As she sat in the barn door running the straps back and forth through her hands she cast smiling eyes out at her field of corn.
“It’s going to be a big crop, Bud,” she said, “there’ll be three ears on every stalk and they’re mighty strong. We’ll pull the suckers next week and cultivate it again in ten days more—and you just watch it grow and wave its green banners.”
“It’s already waving them,” said Bud working beside her, “it sure looks fine.”
There was the pride of possession in the two young faces, the quiet joy of satisfaction in simple work well done and its reward.

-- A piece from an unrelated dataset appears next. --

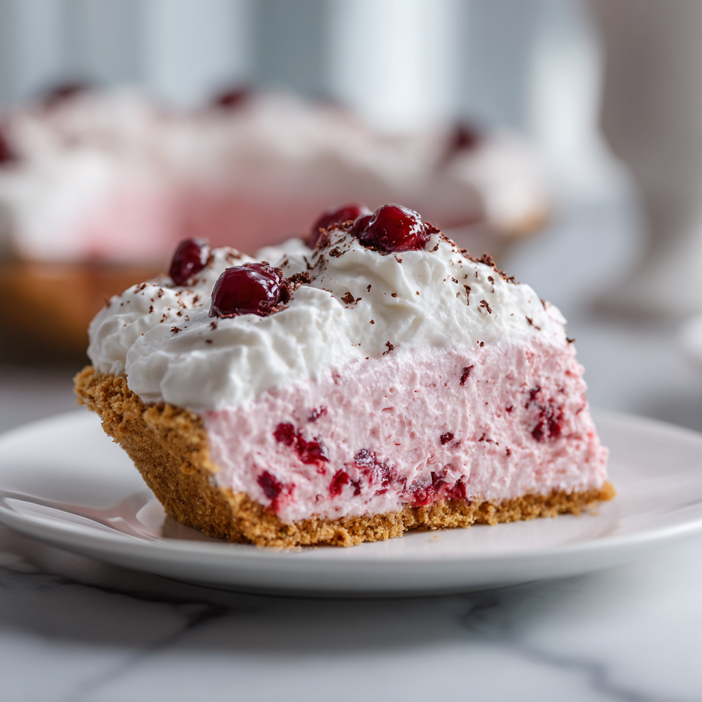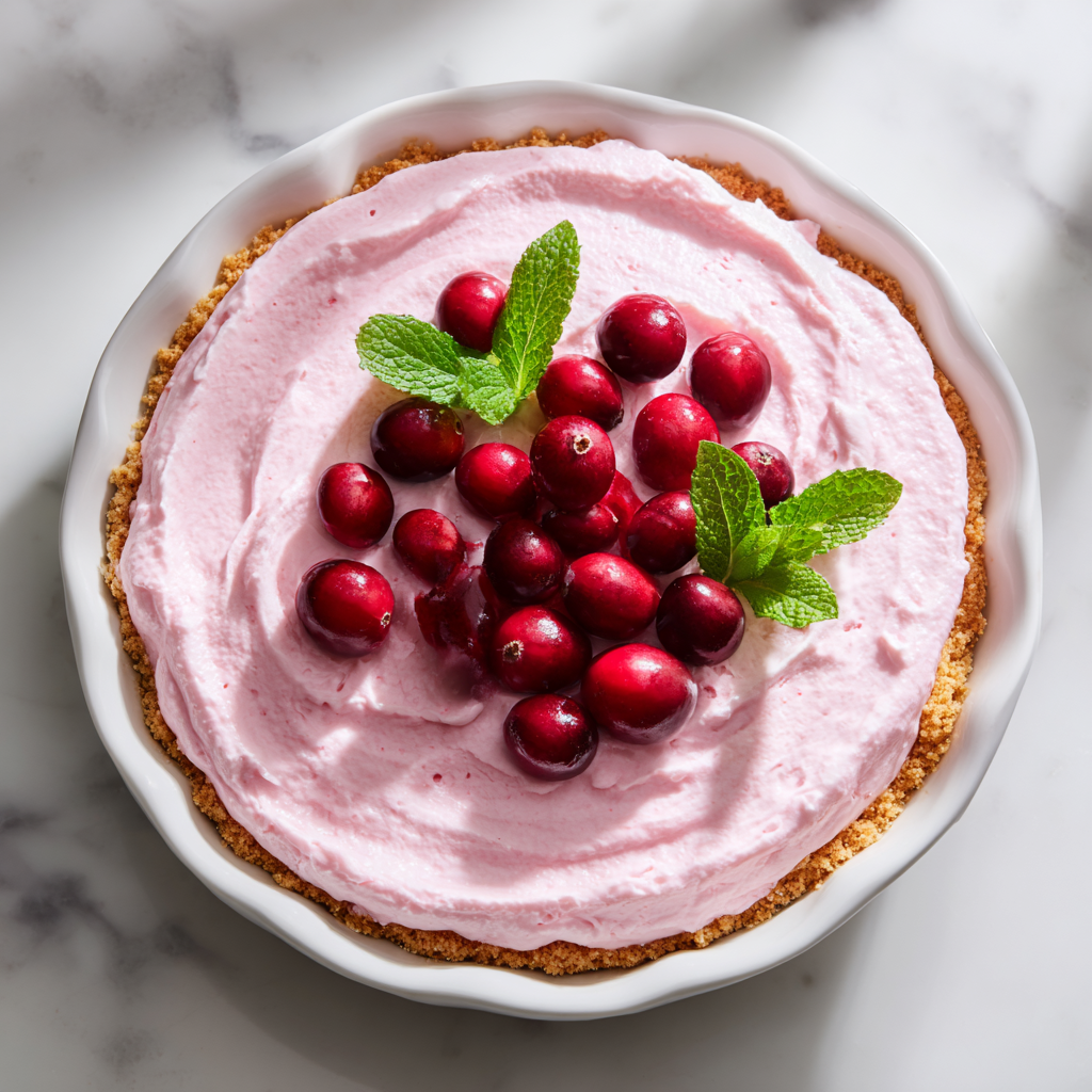 A light and airy no-bake cranberry pie with a buttery crust, perfect for holidays or special occasions.

“I hope,” said the girl dreamily, “I hope, Bud, that there’ll be enough left over after we pay McKane to get the carpet woven. Mammy’s got nearly enough balls already, and we can take it in to Bement in the early fall and go back after it about two weeks later.”
Bud’s eyes sparkled.
“Gee! But that would be good,” he said wistfully, “a regular holiday. I’d like to see a town again.”
“One trip I’d go with you and the next we’d make Mammy go. It’d set her up, give her something to think about all winter,” planned Nance, “she don’t get out like we do.”
So they looked ahead to the meagre joys of their poor life and were happy.
Two days later Nance again rode Buckskin to the cañon, and this time she went in the afternoon.